Over Thinking?
Most of the blogs so far have centered on understanding orchestral music by listening for a kind of musical narrative. By extension, this means that there has to be an element of intellectualization (hence the image of Rodin’s The Thinker.) But isn’t art supposed to be a sensory experience, I hear you ask? Sure it is. However, the more you know about something, the broader your contextual framework, the deeper your emotional experience, and the greater your enjoyment. Below is a prime example.
Towards the end of World War II, the great Russian composer Dmitri Shostakovich was commissioned by the Stalinist government to write a grand symphony. The piece was intended to celebrate the victory of the Russian army over the Nazis on the Eastern Front. This was going to be Shostakovich’s Ninth Symphony, and in classical music a Ninth Symphony is particularly auspicious, with a tradition dating back to Beethoven’s glorious Ode to Joy. So the hopes of all were very high. Shostakovich himself wrote that the symphony was going to be a large-scale composition for orchestra, chorus, and soloists, ‘about the greatness of the Russian people.’
The first time I ever heard this symphony, the Vienna Philharmonic was visiting Sydney and I paid $250 (!) to attend the concert, conducted by the eminent Russian maestro, Valery Gergiev. I was colossally disappointed. Rather than a huge dramatic 20th century symphony, it turns out that the piece is composed for a comparatively small orchestra, and that the music is innocuous to the point of being slightly banal; nothing grand about it at all! At intermission, I overheard an equally discontented audience member remark, ‘It would be nice if the piece had actually said something.’ My thoughts exactly.

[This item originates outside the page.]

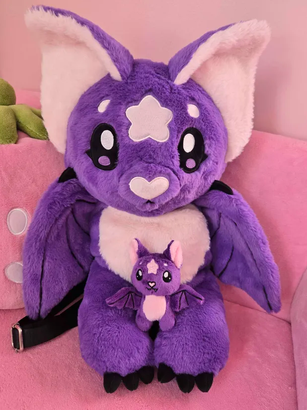 Her ears are a bit foxy, so here's the edit I gave my manu: Next up, here's Taffy! She's actually finished,except for the fur on the end of her paws, that is being changed to minky to match her toes. but I will have better photos once I receive her: Finally, I did receive the Berry hoodie! I haven't had proper time to do a try on, I will and will get videos this week, but here's some photos to see the color in better lighting. I actually really like the purple, and it's similar enough to both the backpack and the original plush:

A couple of years later I started to study the piece to conduct it myself. Whenever I sit down to learn a new work, I begin by doing some research (when was it composed, why was it composed, what was its significance to the composer, what did other musicians at the time think of it, how has history assessed it since, etc.) So, I discovered that after Shostakovich had made all these lofty and ambitious declarations, he just couldn’t go through with it. ‘Nothing will change’ he said. Defeating the Nazis would not put an end to his own people’s suffering; they still had to survive in constant fear of the vicious and malevolent Stalinist regime. People were still going to disappear in the middle of the night, never to return. So how could Shostakovich write a bombastic glorification of this same government? He couldn’t. So, he wrote an ‘anti-Ninth’; a piece so deliberately trite and vapid that it says nothing at all. (The exception is the fourth movement, where a piteous lone bassoon sings a lament, like a wordless requiem, in the face of rancorous barking brass. But this quickly slips into a derisive and sardonic march.) The point is, it aggrandizes no-one.
The authorities were as disappointed as I was that first time. It was not remotely the self-congratulatory bit of pomp they had been expecting. And after a year or so they banned the piece from performance. They were slow to realize it, but it was a huge slap in the face.
Whenever I hear the piece now (and I love it!) I feel a great, satisfying sense of ‘Fuck You!’ from Shostakovich to his oppressors. I feel vindicated and empowered. I revel in art’s power to speak when the message is forbidden. And I only feel this way because I came to understand, from an intellectual perspective, what was going on in this music.